▸ Problem requirements: Restate word for word the entries below, starting at the line with "Wir wählen ganz" and ending at the line with "- Strømadapteren AC-UD11". Keep both end lines and omit the pictures.

▸ Input data:
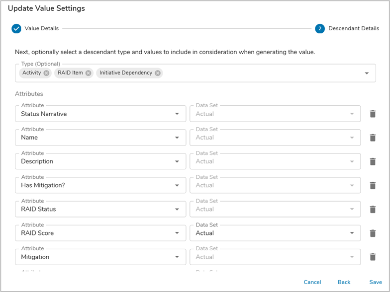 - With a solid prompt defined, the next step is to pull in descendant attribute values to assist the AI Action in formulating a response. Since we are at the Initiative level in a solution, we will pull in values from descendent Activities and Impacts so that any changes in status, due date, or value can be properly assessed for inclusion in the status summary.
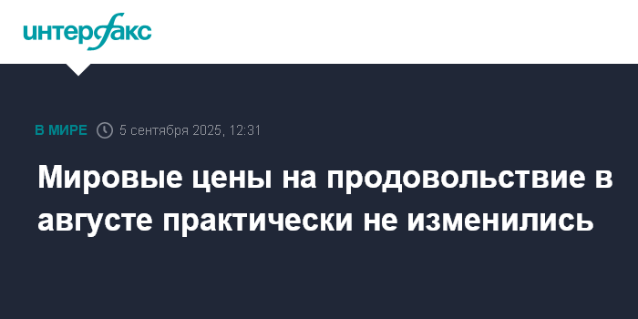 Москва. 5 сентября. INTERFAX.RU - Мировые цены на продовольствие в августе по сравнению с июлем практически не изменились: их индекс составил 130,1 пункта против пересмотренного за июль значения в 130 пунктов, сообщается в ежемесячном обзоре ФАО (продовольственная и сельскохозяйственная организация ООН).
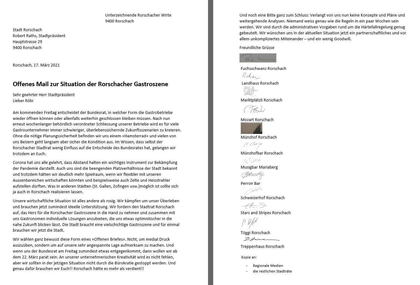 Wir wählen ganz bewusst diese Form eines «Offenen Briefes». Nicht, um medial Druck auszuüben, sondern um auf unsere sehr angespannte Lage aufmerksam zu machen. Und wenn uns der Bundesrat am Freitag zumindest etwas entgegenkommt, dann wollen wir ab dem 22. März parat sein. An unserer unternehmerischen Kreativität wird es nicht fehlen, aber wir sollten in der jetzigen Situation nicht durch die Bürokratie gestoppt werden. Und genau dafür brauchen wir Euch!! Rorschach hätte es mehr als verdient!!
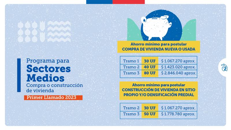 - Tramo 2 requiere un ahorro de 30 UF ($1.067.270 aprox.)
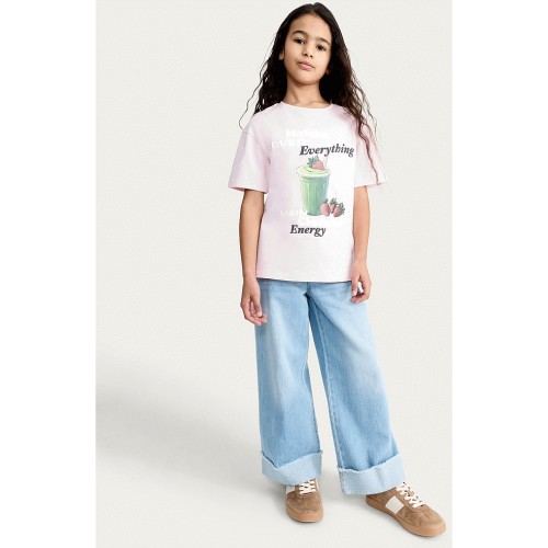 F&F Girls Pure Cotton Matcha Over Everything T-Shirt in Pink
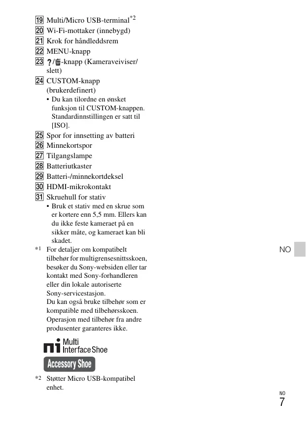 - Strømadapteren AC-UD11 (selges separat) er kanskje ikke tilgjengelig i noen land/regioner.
* * *
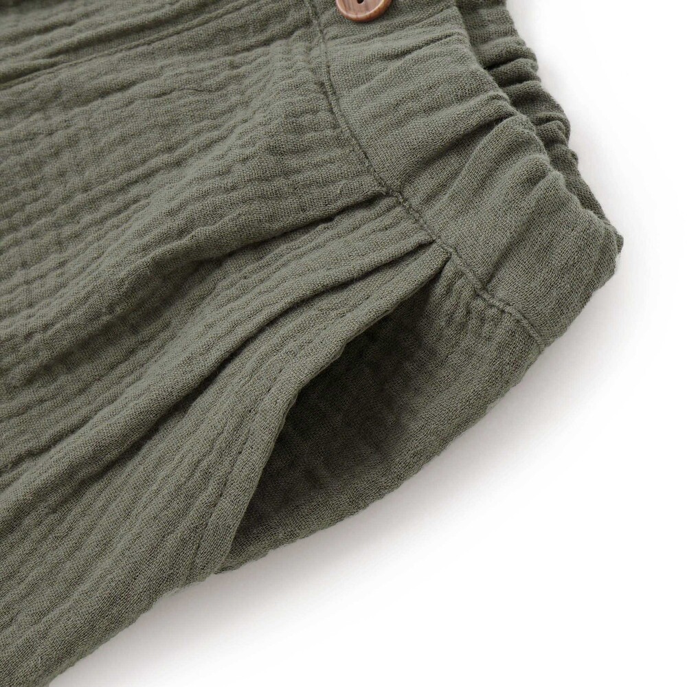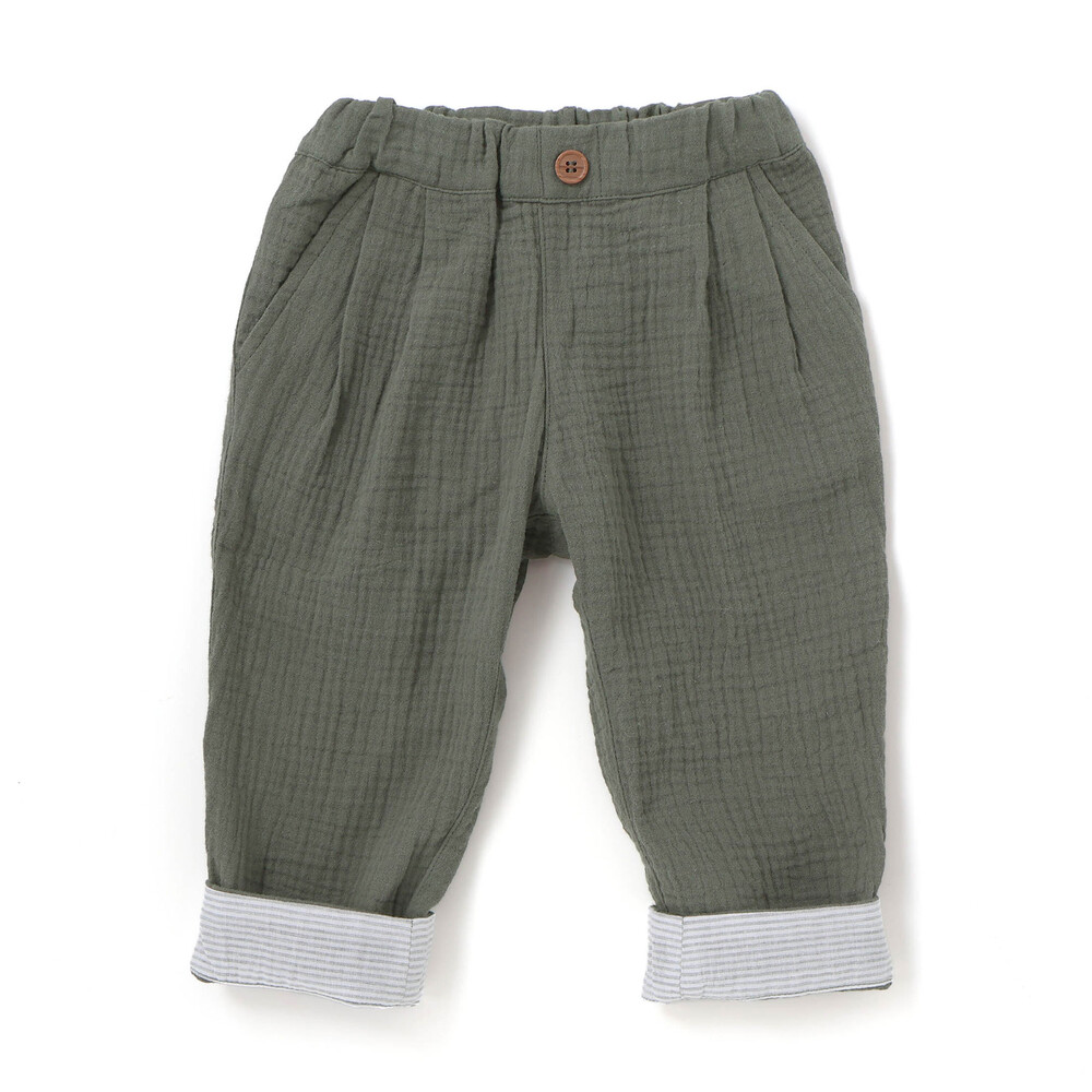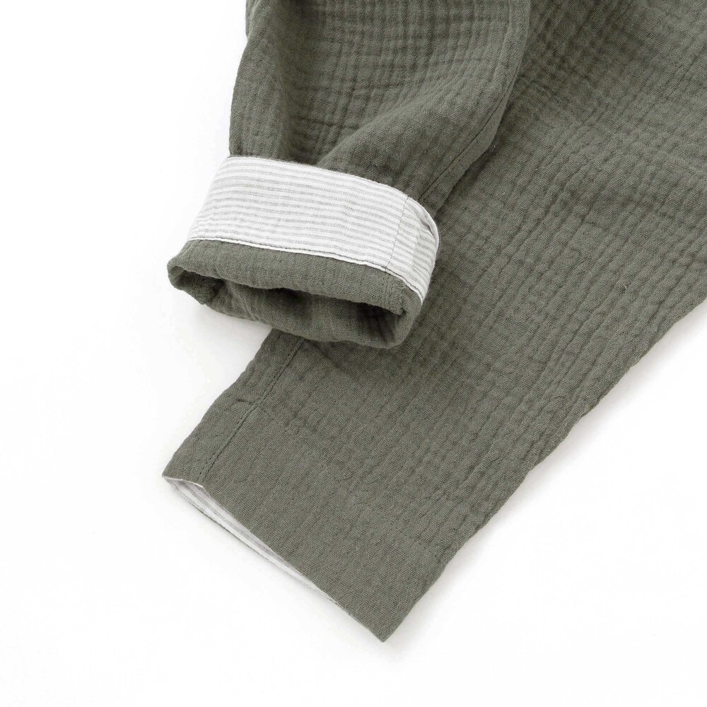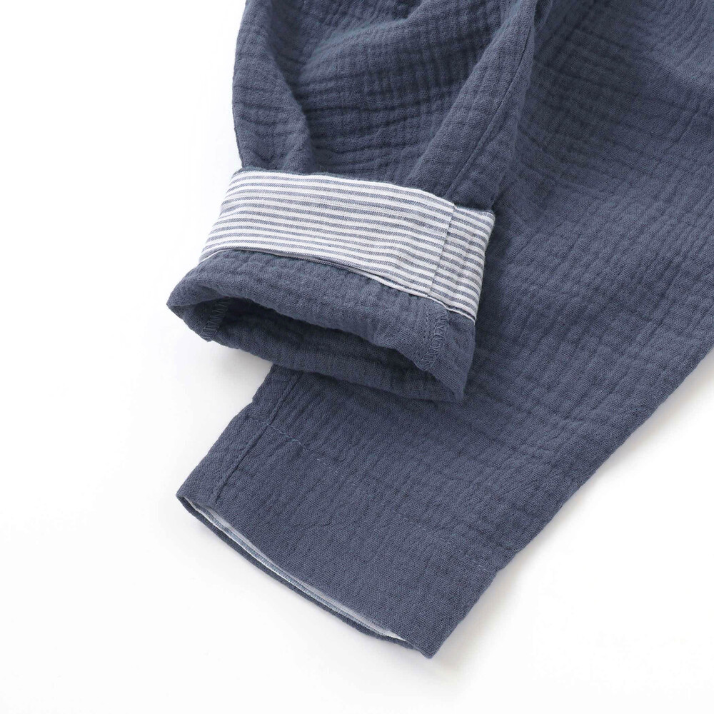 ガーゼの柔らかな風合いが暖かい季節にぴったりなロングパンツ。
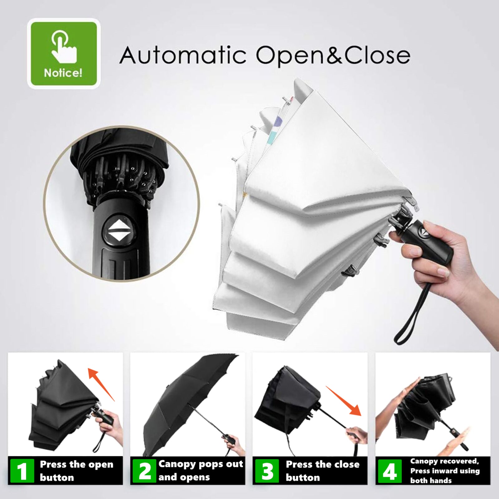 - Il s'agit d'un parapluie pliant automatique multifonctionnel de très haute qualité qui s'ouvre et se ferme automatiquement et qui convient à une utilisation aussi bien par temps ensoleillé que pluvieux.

▸ Solution to the problem:
 Wir wählen ganz bewusst diese Form eines «Offenen Briefes». Nicht, um medial Druck auszuüben, sondern um auf unsere sehr angespannte Lage aufmerksam zu machen. Und wenn uns der Bundesrat am Freitag zumindest etwas entgegenkommt, dann wollen wir ab dem 22. März parat sein. An unserer unternehmerischen Kreativität wird es nicht fehlen, aber wir sollten in der jetzigen Situation nicht durch die Bürokratie gestoppt werden. Und genau dafür brauchen wir Euch!! Rorschach hätte es mehr als verdient!!
 - Tramo 2 requiere un ahorro de 30 UF ($1.067.270 aprox.)
 F&F Girls Pure Cotton Matcha Over Everything T-Shirt in Pink
 - Strømadapteren AC-UD11 (selges separat) er kanskje ikke tilgjengelig i noen land/regioner.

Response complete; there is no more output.